Encapsulation: validate changes with a setter

We want: “age must be between 0 and 200”.

class Person:
    def __init__(self, name: str, age: int) -> None:
        self.name = name
        self.age = age  # calls the setter

    @property
    def age(self) -> int:
        return self._age

    @age.setter
    def age(self, value: int) -> None:
        if value < 0 or value > 200:
            raise ValueError("age must be between 0 and 200")
        self._age = value

Tip

We store the real value in _age. By convention, a leading _ means “internal use”.

Mini-exercise: try the Person class (6 minutes)

  1. Create a person and print:
p = Person("Sara Ahmed", 23)
print(p)
print(p.first_name)
print(p.last_name)
  1. Try an invalid update:
p.age = 300

Checkpoint: you get a clear error (ValueError).
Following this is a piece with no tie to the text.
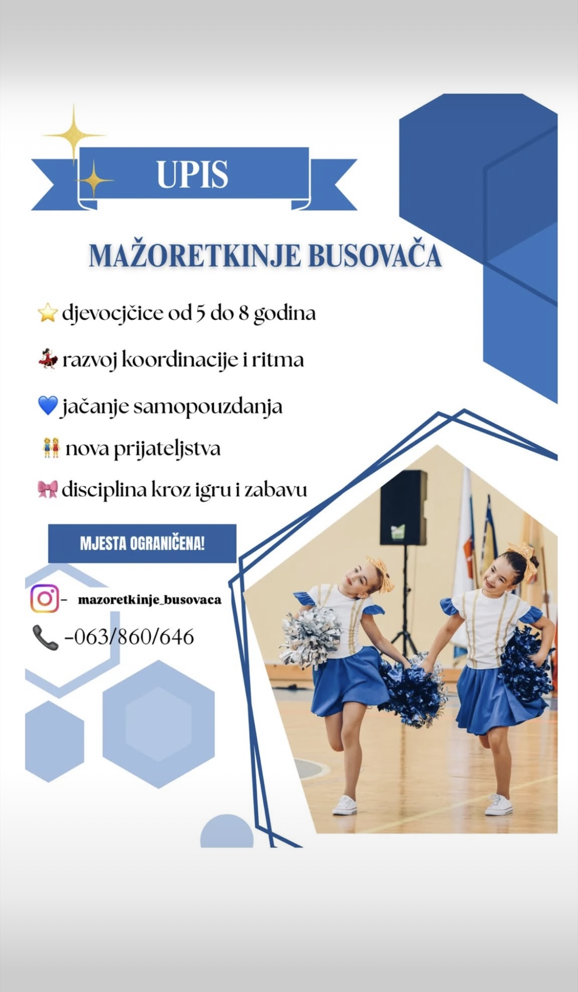 Za dodatne informacije i prijavu, roditelji mogu kontaktirati organizatore putem Instagram profila mazoretkinje_busovaca ili na broj telefona 063/860-646.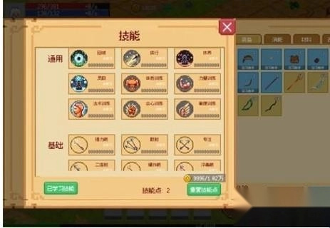 3、点击角色属性下方的技能可以学习不同的招式,每次学习会消耗一点技能点和不同数量的金币。

Inheritance: reuse behavior

class Employee(Person):
    def __init__(self, name: str, age: int, salary: float) -> None:
        super().__init__(name, age)
        self.salary = salary

class Student(Person):
    def __init__(self, name: str, age: int, grades: list[float]) -> None:
        super().__init__(name, age)
        self.grades = grades

    @property
    def average(self) -> float:
        if not self.grades:
            return 0.0
        return sum(self.grades) / len(self.grades)

Multiple inheritance (use carefully; optional)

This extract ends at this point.